Planeta Bur (Russian: Планета бурь) is a 1962 Sovcolor Soviet science fiction film scripted by Alexander Kazantsev from his novel, and co-scripted and directed by Pavel Klushantsev.[1]

In English, the film is often informally referred to as Planet of the Storms, Planet of Storms, Planet of Tempests, Planeta Burg, and Storm Planet. It was never theatrically released in the U.S. in its original form before appearing on home video in the 1990s. The film is better known to American audiences via the two similar American direct-to-television features Voyage to the Prehistoric Planet and Voyage to the Planet of Prehistoric Women. Both U.S. video features reused the film's special effects and most of its primary footage.

Plot[edit]

Three Soviet spaceships, Sirius, Vega, and Capella, are on their way from Lunar Station 7 for the first human landing on Venus and the first exploration of the planet. Capella is suddenly struck by a large meteor and is completely destroyed, killing all aboard. After mourning the loss of their friends, the remaining two ships, Sirius and Vega, soon continue on, even though the planned mission required three spaceships. A replacement, Arcturus, will be sent from Earth, but will not arrive for two months.

The cosmonauts aboard Sirius (Ilya, Roman, and Alyosha) and aboard Vega (Ivan and Allan, and the woman, Masha) all agree that proceeding with the landing and exploration is better than waiting two months. So Ivan and Allan, with their large robot assistant "John" (now partly disassembled for flight), descend toward Venus in Vega's glider spacecraft, leaving Masha in orbit to monitor communications between the ships and ground crews. All contact is lost with her after they land in a misty swamp. The gigantic Sirius gently lands vertically on its four shock-absorbing wing struts, but at a different, volcanic-terrain location. Because the atmosphere is poisonous, the men exit Sirius in their spacesuits and helmets. While wandering around some boulders, Aloysha is suddenly attacked and dragged off toward the mouth of a large carnivorous plant, but he is quickly rescued by Ilya and Roman. After photographing the lifeform and sharing jokes about the incident, they proceed to search for Ivan and Allan in their hovercar.

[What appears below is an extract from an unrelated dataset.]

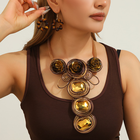 ชุดต่างหูสร้อยคอดอกไม้ทำมือทำจากเรซินเครื่องประดับแอฟริกันชุดงานเลี้ยงชาติพันธุ์เครื่องประดับแฮนด์เมดบุคลิกภาพ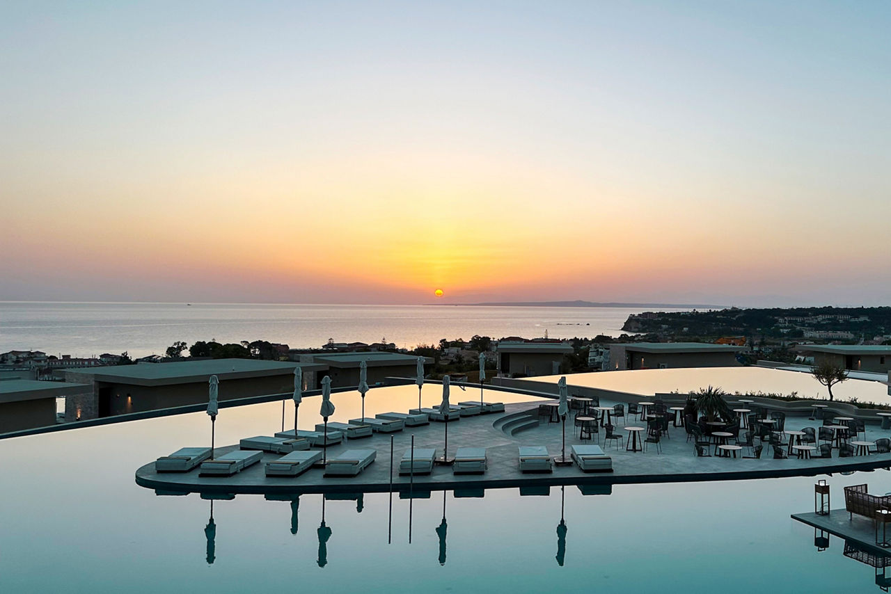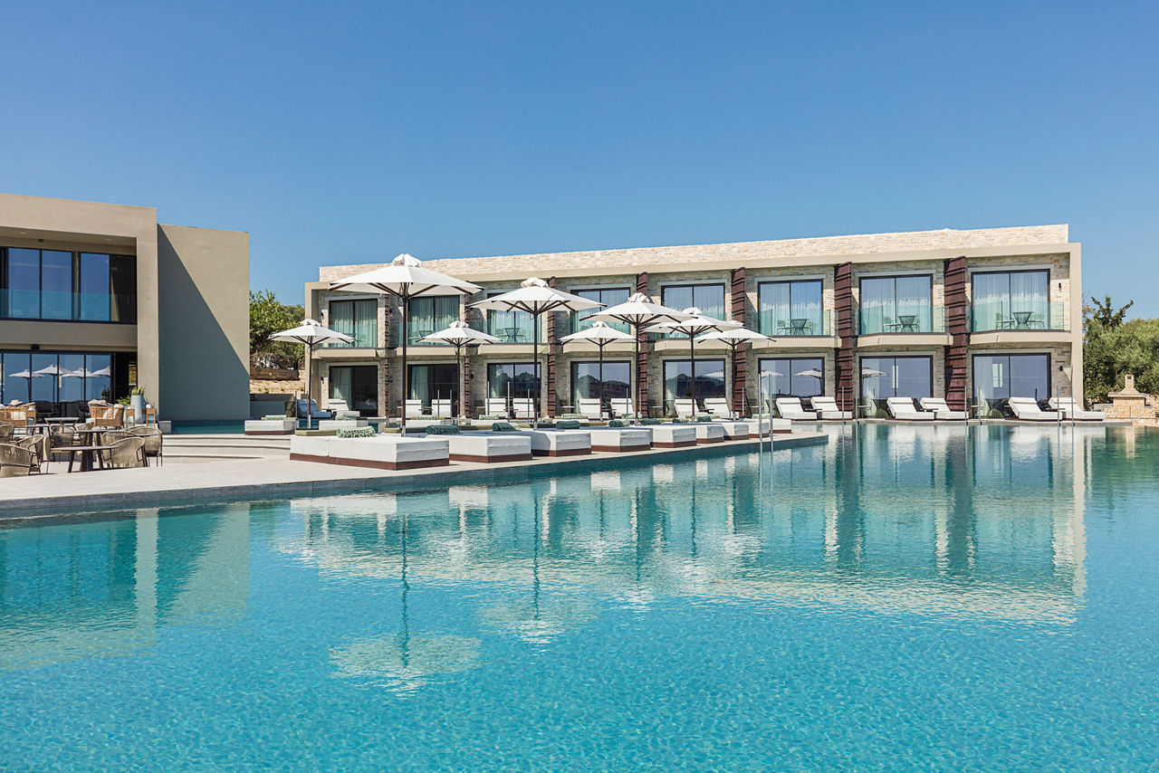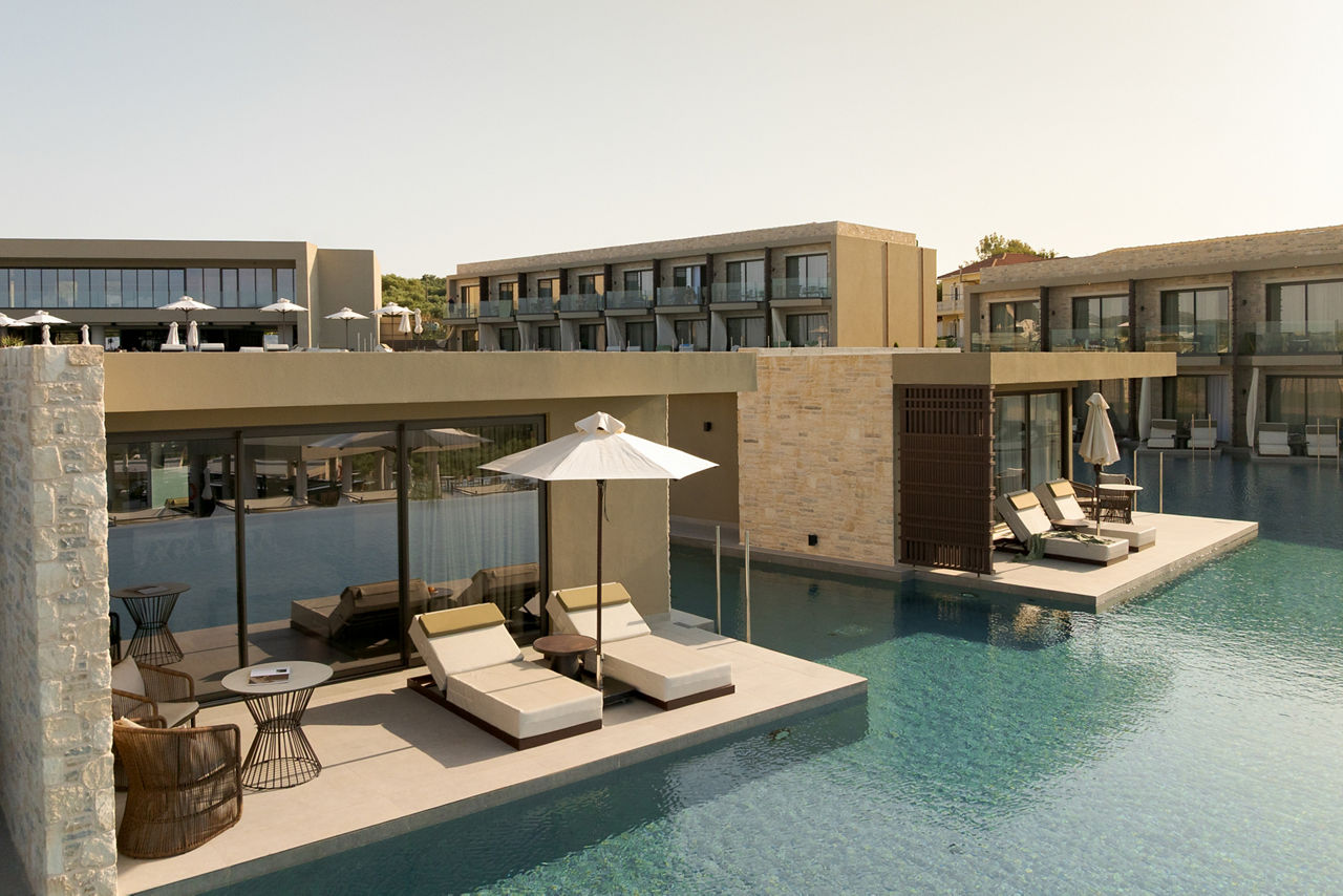 Perched on a hillside promising panoramic views of the glittering Ionian Sea, King Jason Zante by Louis Hotels offers the epitome of refined sophistication. This adults-only sanctuary meshes contemporary elegance with laidback bohemian charm, where infinity pools and swim-up suites create the illusion of floating above water. Its unique, island-inspired design sets a new standard in Tsilivi - as does the All Inclusive Plus board, which heroes three restaurants and two stylish bars. While you relish comfort at every turn, the fabulous facilities include a state-of-the-art gym, calming Purai spa, and occasional live music sets on throughout the week.

During their journey, they hear what sounds like a distant eerie voice of a woman, and then soon encounter a gigantic, sedate brontosaur-like creature, from which one of the men quickly takes a blood sample from its tail. Meanwhile, after completely assembling robot John, Ivan and Allan are suddenly attacked in the swamp by several human-size tyrannosaur-like beasts, some of which they kill with handguns. They later come across a large, deep ravine and attach strong cords to one of the gigantic trees near the edge of the ravine and to an anchoring boulder. John is able to fell the tree over the ravine, and they walk across it, while listening to recorded music. Allan is later weakened by a wound from the attack at the swamp, so robot John finds a cave for their protection from the wet environment. Both men, however, develop a fever and are soon too weak to stand.

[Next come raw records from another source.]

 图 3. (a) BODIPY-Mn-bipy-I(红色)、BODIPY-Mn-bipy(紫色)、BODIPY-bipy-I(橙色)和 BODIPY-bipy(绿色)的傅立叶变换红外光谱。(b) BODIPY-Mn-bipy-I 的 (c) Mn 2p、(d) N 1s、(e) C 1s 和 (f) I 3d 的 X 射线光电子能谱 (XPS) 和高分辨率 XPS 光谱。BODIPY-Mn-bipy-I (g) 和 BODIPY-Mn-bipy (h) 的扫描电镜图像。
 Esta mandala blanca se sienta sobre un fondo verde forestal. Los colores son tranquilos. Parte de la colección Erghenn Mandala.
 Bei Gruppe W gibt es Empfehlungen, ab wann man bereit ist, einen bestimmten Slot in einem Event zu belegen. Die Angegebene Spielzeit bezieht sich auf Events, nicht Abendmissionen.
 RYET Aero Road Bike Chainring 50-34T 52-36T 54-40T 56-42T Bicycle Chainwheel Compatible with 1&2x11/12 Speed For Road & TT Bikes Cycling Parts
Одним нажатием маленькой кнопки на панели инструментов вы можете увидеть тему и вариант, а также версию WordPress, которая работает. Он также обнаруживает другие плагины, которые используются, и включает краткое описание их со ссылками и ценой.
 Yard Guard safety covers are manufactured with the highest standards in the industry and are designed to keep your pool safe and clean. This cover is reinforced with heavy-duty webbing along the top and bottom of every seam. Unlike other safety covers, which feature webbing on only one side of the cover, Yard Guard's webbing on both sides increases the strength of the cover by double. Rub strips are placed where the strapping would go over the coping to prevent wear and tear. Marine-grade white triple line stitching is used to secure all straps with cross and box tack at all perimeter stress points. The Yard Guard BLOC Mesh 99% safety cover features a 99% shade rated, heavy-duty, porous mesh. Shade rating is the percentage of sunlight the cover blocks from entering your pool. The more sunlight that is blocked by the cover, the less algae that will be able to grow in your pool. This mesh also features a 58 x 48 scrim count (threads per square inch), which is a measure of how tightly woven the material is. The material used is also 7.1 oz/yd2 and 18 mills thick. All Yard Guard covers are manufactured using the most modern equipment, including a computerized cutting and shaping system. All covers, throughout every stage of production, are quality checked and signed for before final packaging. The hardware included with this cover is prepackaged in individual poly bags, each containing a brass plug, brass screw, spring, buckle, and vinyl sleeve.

While over an ocean near a beach, the three cosmonauts submerge their hovercar to escape an attack from a large flying pterosaur-like creature. While Underwater, they discover a head sculpture, with ruby gemstone eyes, of one of the flying creatures, apparently made by an intelligent species. After emerging onto the beach, Alyosha discovers a strange triangular rock, which he keeps.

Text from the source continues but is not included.